TASK ITEM: With the pictures left out, restate exactly the part below that opens with the line containing "配置:7座,中文导航,中央竖" and closes with the line containing "[뉴먼=AP/뉴시스]미 조지아주 뉴먼의".

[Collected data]
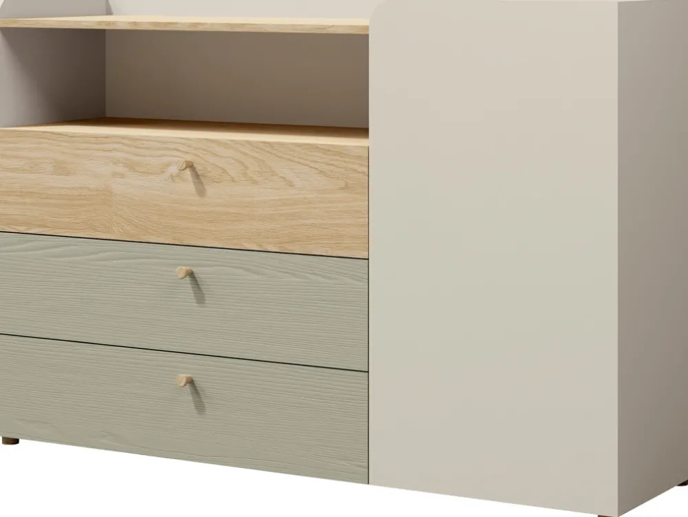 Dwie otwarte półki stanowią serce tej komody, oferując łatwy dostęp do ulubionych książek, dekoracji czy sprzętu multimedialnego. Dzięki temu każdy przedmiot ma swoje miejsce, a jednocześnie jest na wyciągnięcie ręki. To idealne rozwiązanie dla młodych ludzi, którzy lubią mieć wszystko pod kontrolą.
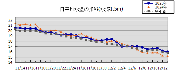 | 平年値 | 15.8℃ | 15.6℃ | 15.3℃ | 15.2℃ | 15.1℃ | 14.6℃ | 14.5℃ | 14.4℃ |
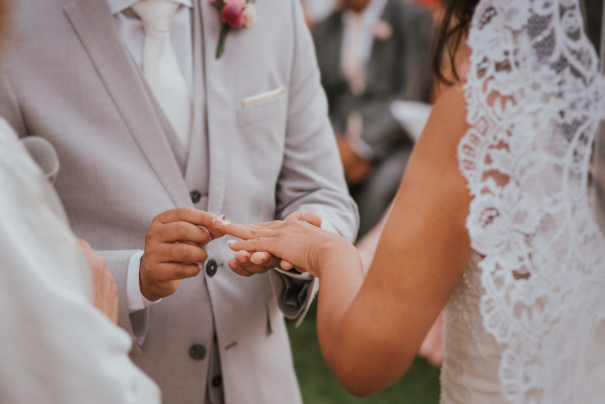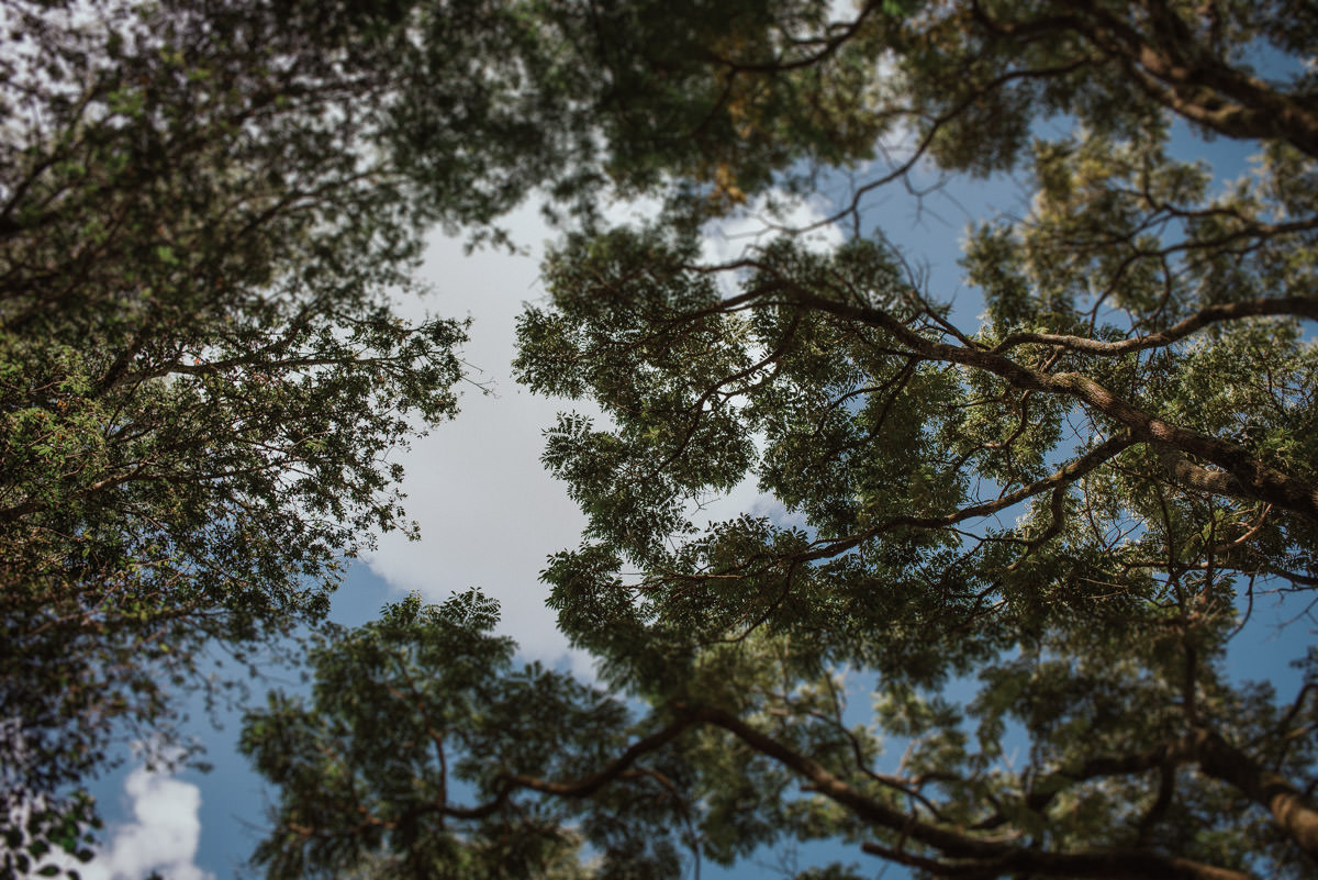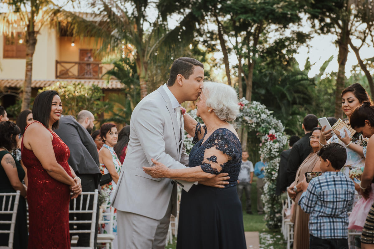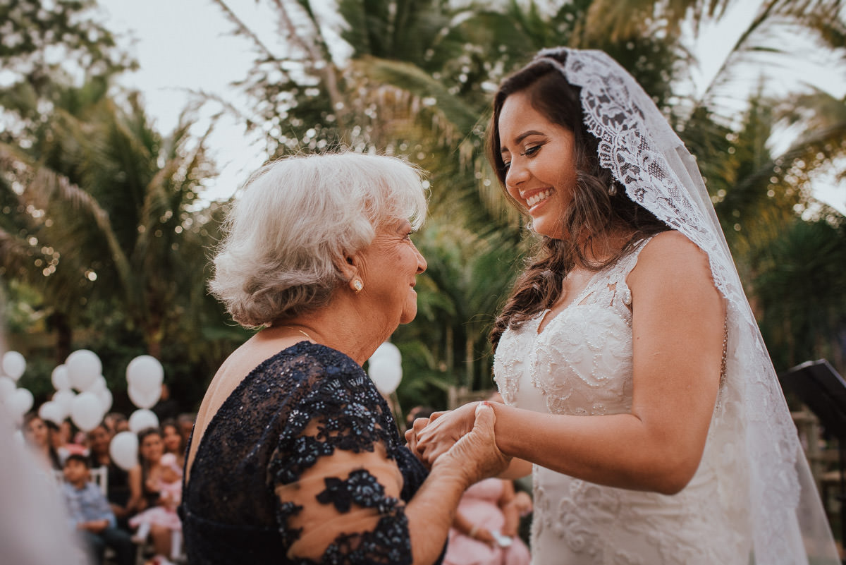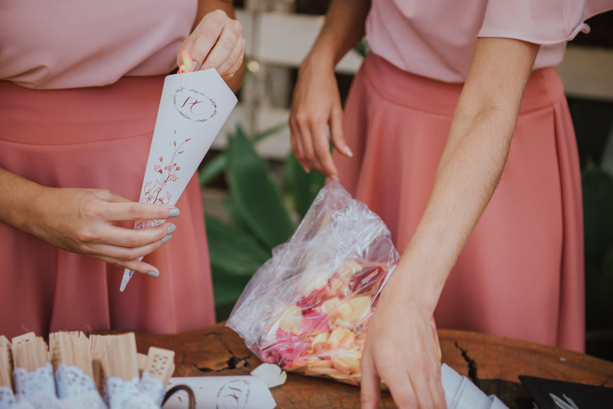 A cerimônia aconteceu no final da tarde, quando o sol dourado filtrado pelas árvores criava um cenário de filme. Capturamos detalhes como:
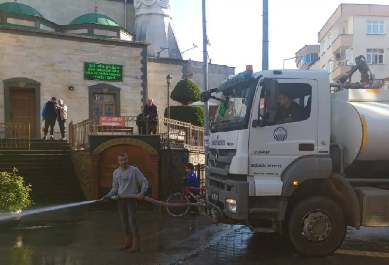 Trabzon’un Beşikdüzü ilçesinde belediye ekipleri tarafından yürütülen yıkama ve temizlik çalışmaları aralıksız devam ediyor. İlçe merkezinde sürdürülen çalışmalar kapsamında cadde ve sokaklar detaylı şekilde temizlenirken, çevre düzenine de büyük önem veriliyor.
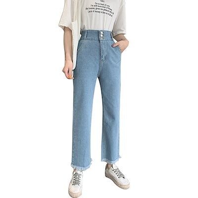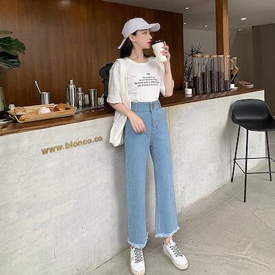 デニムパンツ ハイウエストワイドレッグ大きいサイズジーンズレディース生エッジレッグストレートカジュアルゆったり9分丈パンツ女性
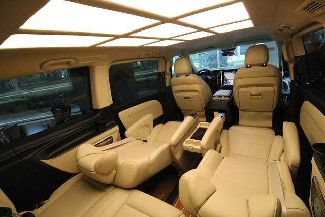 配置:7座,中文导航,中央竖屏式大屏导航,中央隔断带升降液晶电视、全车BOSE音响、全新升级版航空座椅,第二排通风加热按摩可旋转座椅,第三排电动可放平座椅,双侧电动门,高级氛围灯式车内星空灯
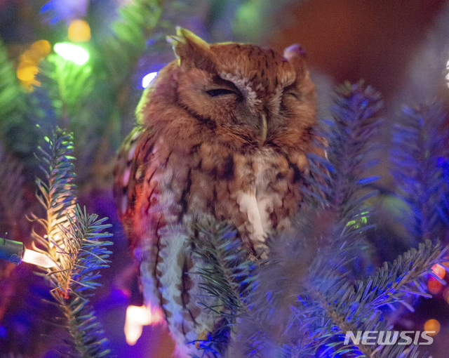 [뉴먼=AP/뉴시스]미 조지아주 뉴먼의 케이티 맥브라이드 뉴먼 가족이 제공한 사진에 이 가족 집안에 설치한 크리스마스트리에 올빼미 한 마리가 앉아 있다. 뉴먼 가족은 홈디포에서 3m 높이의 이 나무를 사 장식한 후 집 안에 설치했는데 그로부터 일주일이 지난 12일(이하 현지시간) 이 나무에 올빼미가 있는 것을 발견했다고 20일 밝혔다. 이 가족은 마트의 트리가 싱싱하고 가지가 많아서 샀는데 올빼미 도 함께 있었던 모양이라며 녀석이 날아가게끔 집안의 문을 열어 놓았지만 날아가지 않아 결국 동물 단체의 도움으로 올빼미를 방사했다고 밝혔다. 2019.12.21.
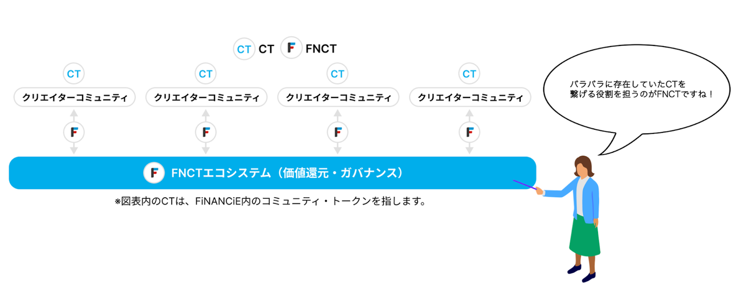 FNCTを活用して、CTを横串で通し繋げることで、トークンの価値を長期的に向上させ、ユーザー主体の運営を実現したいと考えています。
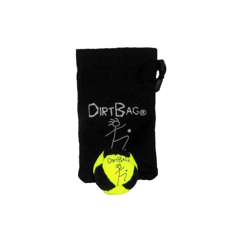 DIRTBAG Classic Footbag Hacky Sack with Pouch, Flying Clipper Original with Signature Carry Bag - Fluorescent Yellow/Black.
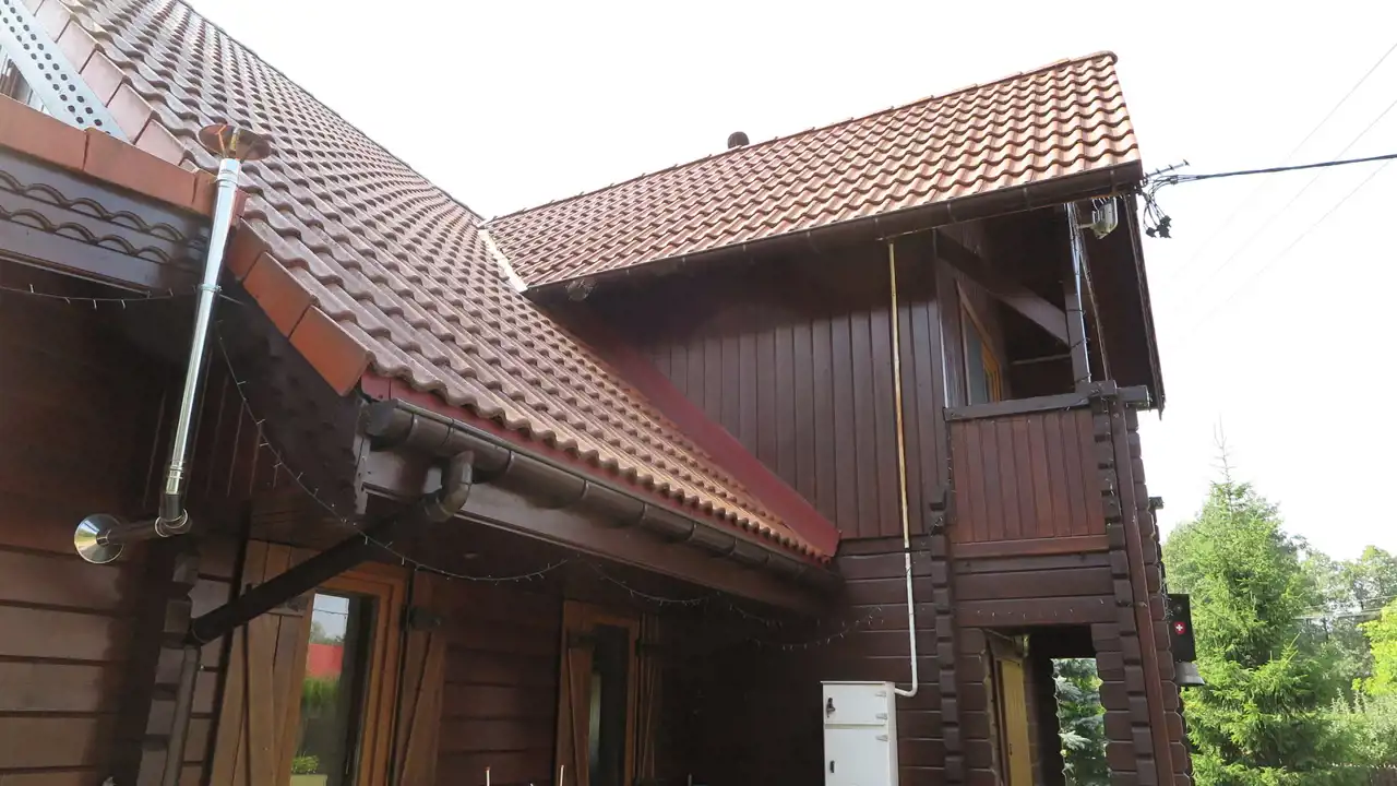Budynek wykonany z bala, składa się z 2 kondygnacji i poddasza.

EXERCISE OUTPUT:
 配置:7座,中文导航,中央竖屏式大屏导航,中央隔断带升降液晶电视、全车BOSE音响、全新升级版航空座椅,第二排通风加热按摩可旋转座椅,第三排电动可放平座椅,双侧电动门,高级氛围灯式车内星空灯
 [뉴먼=AP/뉴시스]미 조지아주 뉴먼의 케이티 맥브라이드 뉴먼 가족이 제공한 사진에 이 가족 집안에 설치한 크리스마스트리에 올빼미 한 마리가 앉아 있다. 뉴먼 가족은 홈디포에서 3m 높이의 이 나무를 사 장식한 후 집 안에 설치했는데 그로부터 일주일이 지난 12일(이하 현지시간) 이 나무에 올빼미가 있는 것을 발견했다고 20일 밝혔다. 이 가족은 마트의 트리가 싱싱하고 가지가 많아서 샀는데 올빼미 도 함께 있었던 모양이라며 녀석이 날아가게끔 집안의 문을 열어 놓았지만 날아가지 않아 결국 동물 단체의 도움으로 올빼미를 방사했다고 밝혔다. 2019.12.21.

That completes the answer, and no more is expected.